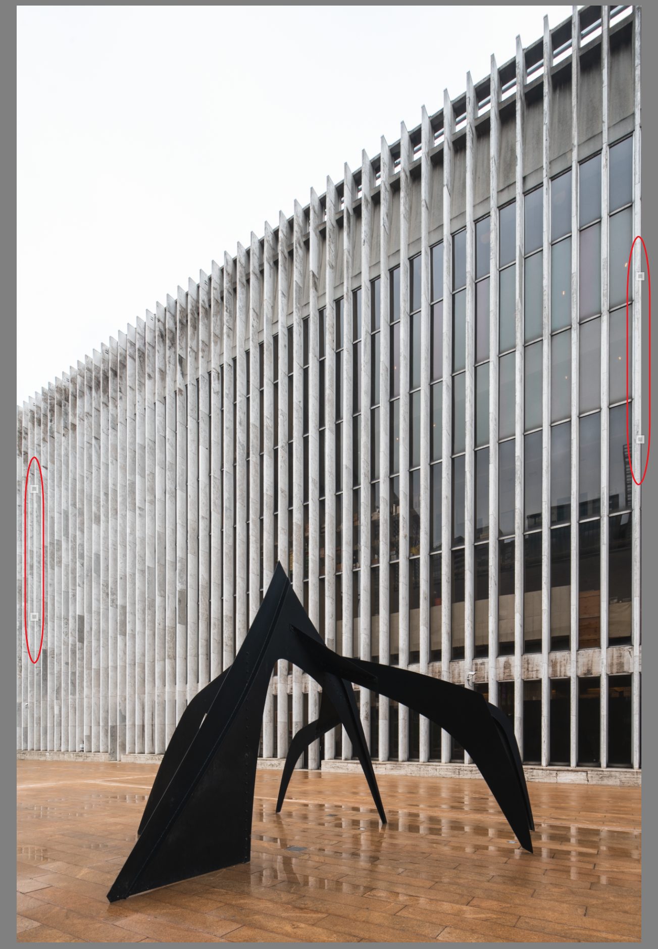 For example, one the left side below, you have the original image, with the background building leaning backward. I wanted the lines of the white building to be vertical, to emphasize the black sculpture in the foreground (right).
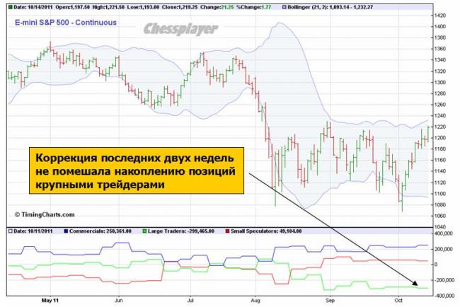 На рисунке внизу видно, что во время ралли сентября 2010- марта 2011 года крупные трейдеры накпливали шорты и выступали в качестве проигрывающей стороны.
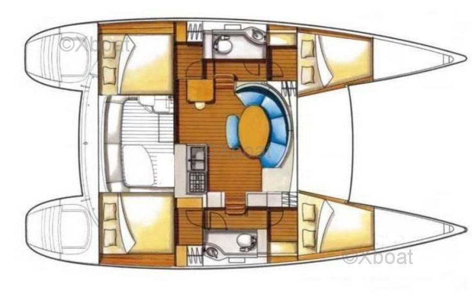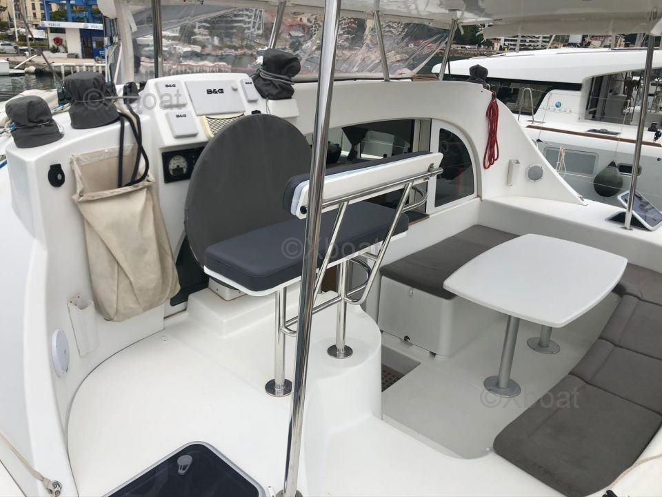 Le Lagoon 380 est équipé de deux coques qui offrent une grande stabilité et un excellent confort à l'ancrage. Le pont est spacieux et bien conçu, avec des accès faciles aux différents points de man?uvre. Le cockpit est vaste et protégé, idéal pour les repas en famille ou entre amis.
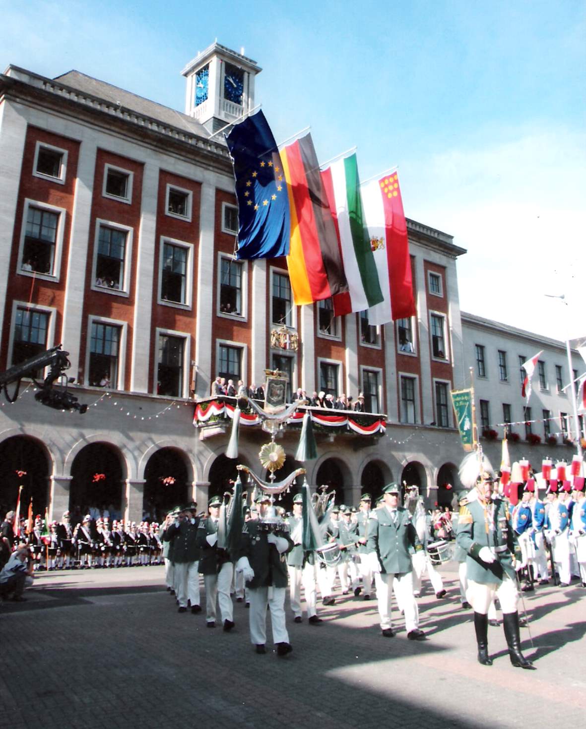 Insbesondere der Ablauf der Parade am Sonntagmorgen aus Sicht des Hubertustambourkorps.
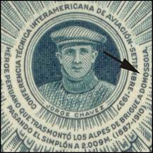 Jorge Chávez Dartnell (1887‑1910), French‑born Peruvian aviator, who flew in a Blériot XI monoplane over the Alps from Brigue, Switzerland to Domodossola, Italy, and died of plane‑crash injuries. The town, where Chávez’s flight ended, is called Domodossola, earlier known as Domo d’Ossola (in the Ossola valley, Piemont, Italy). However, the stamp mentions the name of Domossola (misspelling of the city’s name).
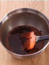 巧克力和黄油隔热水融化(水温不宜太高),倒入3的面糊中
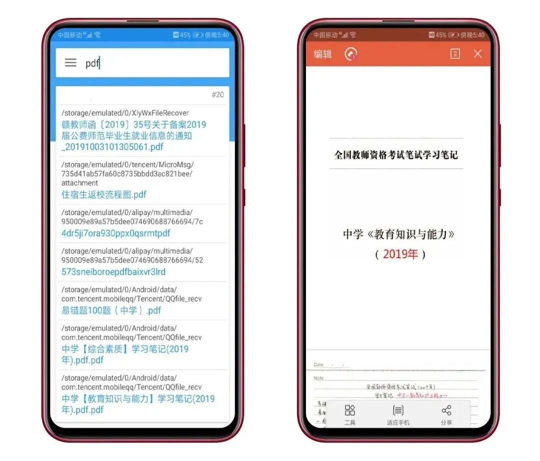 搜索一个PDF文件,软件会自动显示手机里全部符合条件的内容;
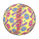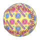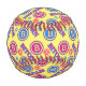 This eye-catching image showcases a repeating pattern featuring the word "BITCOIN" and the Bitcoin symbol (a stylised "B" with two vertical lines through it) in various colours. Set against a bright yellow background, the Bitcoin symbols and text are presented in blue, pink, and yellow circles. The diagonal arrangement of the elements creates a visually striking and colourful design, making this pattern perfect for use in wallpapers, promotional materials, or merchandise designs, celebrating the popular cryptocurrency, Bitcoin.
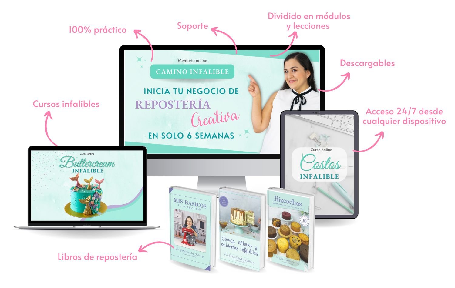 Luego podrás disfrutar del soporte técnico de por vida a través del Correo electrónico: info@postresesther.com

==

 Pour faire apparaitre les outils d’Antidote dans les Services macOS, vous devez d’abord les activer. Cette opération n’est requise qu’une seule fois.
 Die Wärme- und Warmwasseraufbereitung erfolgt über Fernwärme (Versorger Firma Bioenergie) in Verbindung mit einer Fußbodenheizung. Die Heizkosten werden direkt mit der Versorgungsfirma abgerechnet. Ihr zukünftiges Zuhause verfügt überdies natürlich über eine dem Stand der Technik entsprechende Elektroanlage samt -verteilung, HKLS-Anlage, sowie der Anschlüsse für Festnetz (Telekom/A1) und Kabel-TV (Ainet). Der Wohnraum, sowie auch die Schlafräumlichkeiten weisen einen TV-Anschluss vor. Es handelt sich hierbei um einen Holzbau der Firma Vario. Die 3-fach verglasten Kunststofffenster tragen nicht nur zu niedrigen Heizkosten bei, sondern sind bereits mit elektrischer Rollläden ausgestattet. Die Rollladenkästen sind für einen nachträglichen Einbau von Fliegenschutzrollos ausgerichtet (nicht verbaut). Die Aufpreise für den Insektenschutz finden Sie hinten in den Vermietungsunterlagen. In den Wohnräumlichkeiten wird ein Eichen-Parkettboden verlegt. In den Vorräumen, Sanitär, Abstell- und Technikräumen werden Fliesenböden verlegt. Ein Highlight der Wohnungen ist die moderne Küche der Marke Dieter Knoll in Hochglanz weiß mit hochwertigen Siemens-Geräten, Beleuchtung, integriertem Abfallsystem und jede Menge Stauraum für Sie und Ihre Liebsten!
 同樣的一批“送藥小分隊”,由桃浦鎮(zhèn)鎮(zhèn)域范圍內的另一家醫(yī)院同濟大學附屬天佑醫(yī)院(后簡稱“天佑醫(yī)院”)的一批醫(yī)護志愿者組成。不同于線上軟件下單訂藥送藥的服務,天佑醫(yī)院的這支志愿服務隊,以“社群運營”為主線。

**WHAT YOU HAVE TO DO:** Within the entries above, the lines from the one containing "巧克力和黄油隔热水融化(水温不宜太高),倒入3的面糊中" through the one containing "Luego podrás disfrutar" are to be transcribed exactly, ends included, pictures excluded.

**RESPONSE FOR THIS EXERCISE:**
 巧克力和黄油隔热水融化(水温不宜太高),倒入3的面糊中
 搜索一个PDF文件,软件会自动显示手机里全部符合条件的内容;
 This eye-catching image showcases a repeating pattern featuring the word "BITCOIN" and the Bitcoin symbol (a stylised "B" with two vertical lines through it) in various colours. Set against a bright yellow background, the Bitcoin symbols and text are presented in blue, pink, and yellow circles. The diagonal arrangement of the elements creates a visually striking and colourful design, making this pattern perfect for use in wallpapers, promotional materials, or merchandise designs, celebrating the popular cryptocurrency, Bitcoin.
 Luego podrás disfrutar del soporte técnico de por vida a través del Correo electrónico: info@postresesther.com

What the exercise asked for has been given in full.